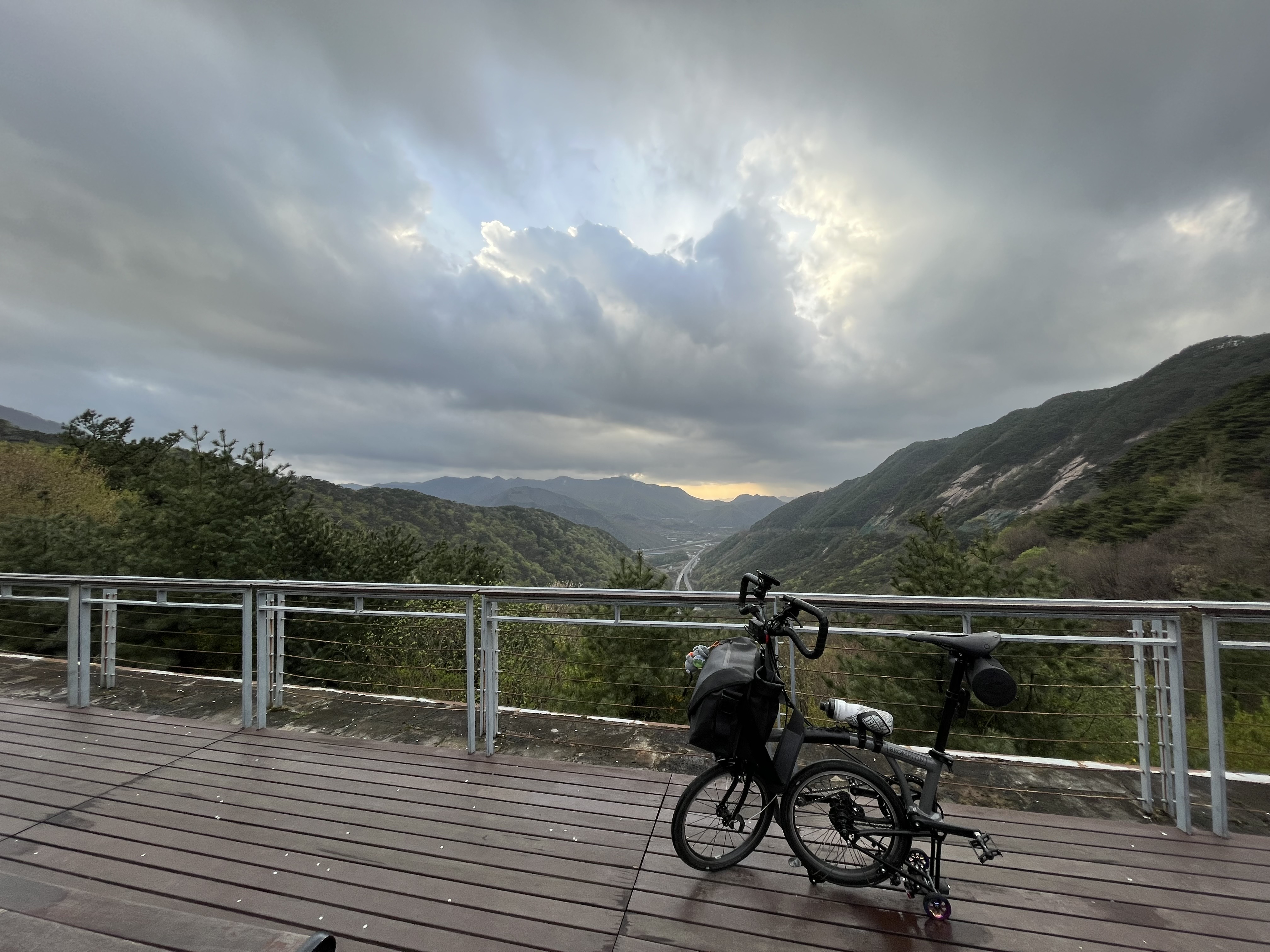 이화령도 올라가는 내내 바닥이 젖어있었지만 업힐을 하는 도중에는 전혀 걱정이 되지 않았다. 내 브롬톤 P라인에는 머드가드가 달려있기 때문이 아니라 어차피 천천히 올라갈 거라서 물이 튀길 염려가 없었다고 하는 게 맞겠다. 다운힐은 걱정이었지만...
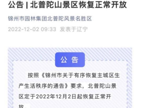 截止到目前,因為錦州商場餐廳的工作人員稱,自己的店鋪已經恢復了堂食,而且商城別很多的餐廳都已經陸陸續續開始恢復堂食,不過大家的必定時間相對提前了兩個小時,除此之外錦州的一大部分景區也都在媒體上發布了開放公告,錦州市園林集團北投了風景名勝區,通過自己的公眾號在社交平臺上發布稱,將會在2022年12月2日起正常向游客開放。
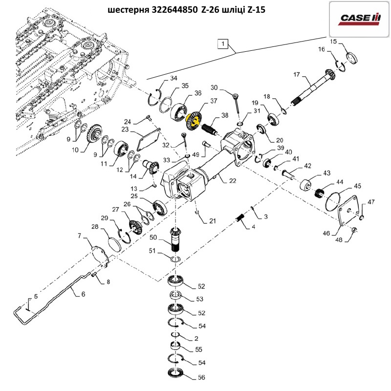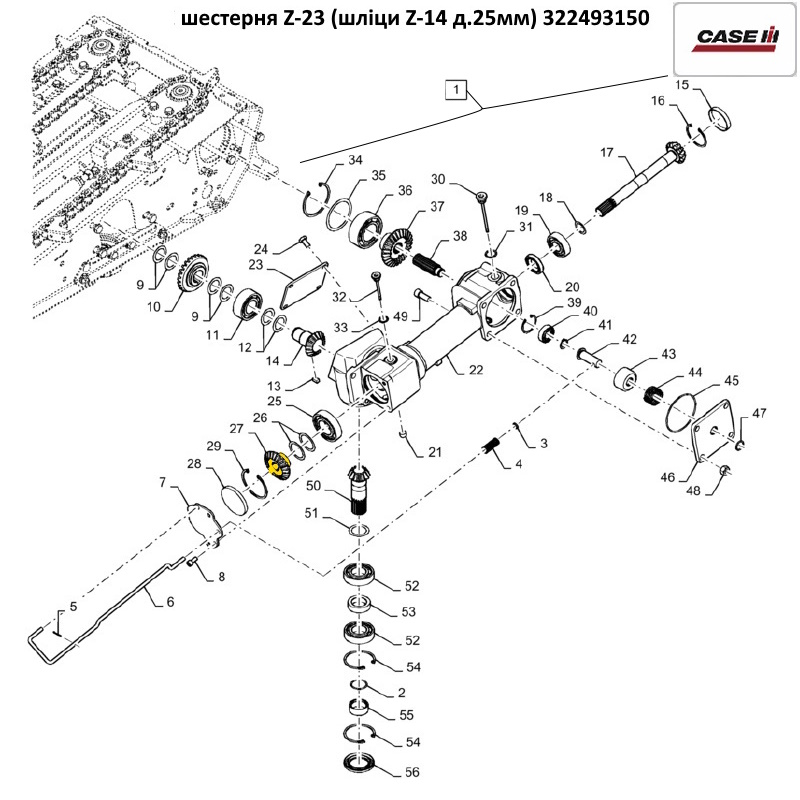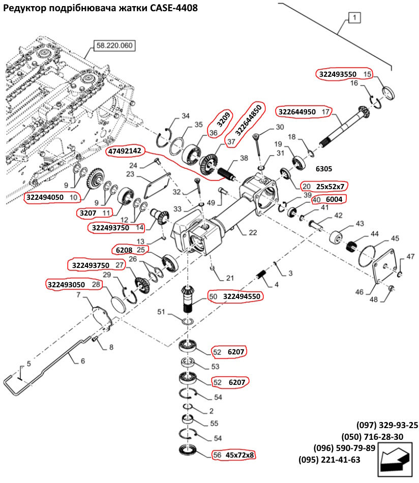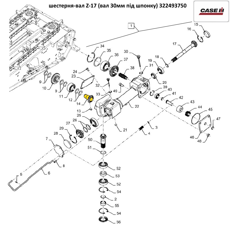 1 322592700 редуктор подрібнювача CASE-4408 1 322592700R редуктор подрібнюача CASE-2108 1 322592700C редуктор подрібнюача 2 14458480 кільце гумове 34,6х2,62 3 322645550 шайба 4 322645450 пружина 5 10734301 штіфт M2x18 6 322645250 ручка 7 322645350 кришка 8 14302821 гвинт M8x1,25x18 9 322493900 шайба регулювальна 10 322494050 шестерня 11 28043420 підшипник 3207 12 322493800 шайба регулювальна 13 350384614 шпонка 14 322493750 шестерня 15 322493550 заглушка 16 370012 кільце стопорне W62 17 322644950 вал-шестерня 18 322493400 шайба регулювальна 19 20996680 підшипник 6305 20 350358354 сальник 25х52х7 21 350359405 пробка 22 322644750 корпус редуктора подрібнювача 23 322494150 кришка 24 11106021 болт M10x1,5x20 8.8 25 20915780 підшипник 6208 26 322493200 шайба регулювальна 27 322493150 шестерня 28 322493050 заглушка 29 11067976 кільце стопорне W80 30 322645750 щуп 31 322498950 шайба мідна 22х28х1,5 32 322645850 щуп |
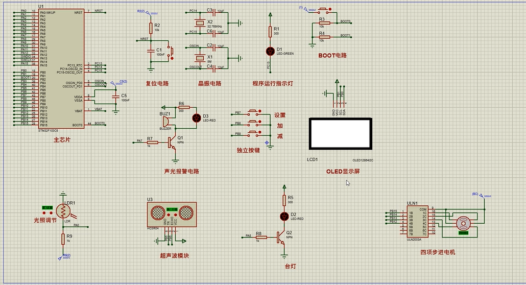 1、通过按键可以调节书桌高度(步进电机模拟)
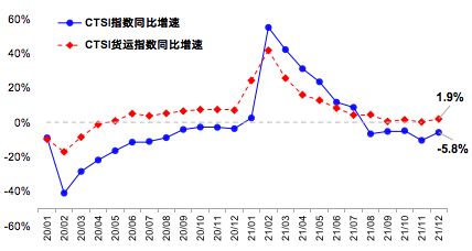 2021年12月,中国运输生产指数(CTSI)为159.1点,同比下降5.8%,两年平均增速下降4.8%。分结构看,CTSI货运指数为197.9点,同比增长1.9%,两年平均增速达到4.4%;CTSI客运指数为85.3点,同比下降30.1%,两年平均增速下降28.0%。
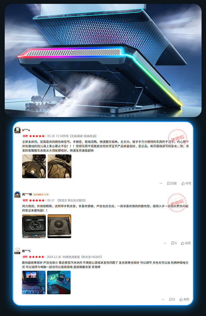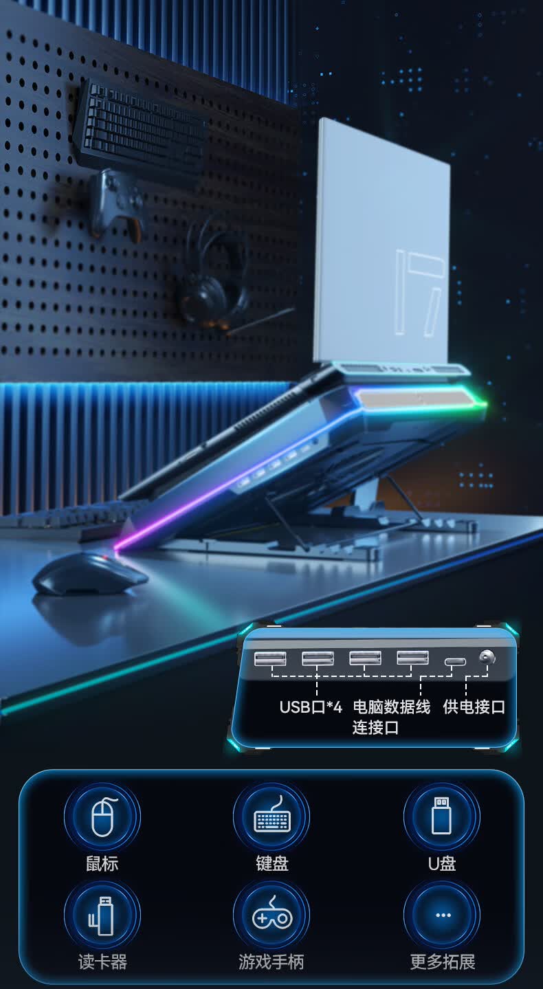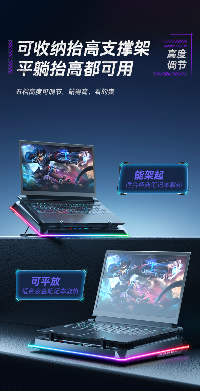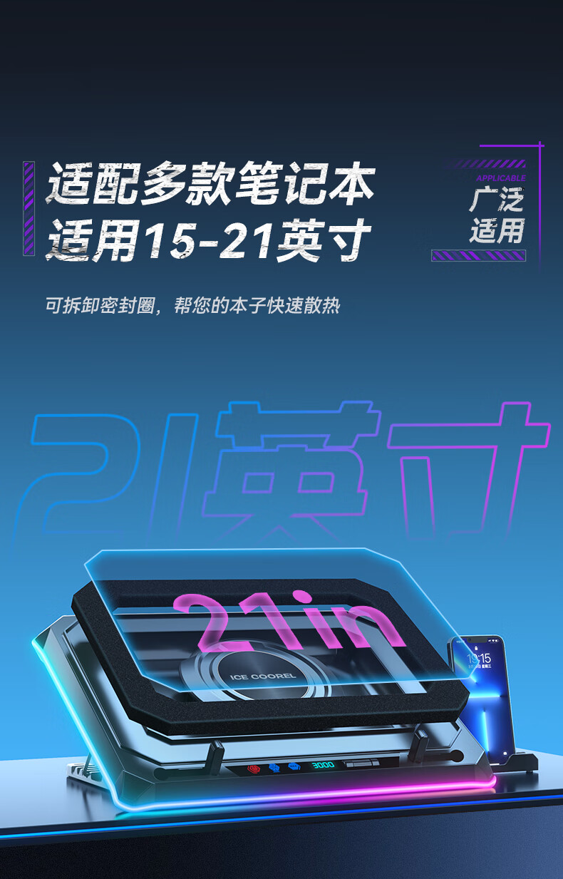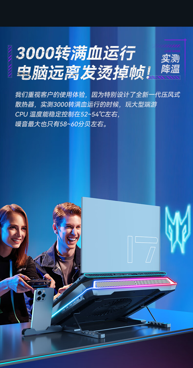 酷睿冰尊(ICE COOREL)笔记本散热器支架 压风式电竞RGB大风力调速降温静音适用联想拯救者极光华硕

------------------------

Write out exactly the lines that run from the top of the listing above to the line containing "截止到目前,因為錦州商場餐廳", both ends included. Omit every picture.

Solution to the exercise:
 이화령도 올라가는 내내 바닥이 젖어있었지만 업힐을 하는 도중에는 전혀 걱정이 되지 않았다. 내 브롬톤 P라인에는 머드가드가 달려있기 때문이 아니라 어차피 천천히 올라갈 거라서 물이 튀길 염려가 없었다고 하는 게 맞겠다. 다운힐은 걱정이었지만...
 截止到目前,因為錦州商場餐廳的工作人員稱,自己的店鋪已經恢復了堂食,而且商城別很多的餐廳都已經陸陸續續開始恢復堂食,不過大家的必定時間相對提前了兩個小時,除此之外錦州的一大部分景區也都在媒體上發布了開放公告,錦州市園林集團北投了風景名勝區,通過自己的公眾號在社交平臺上發布稱,將會在2022年12月2日起正常向游客開放。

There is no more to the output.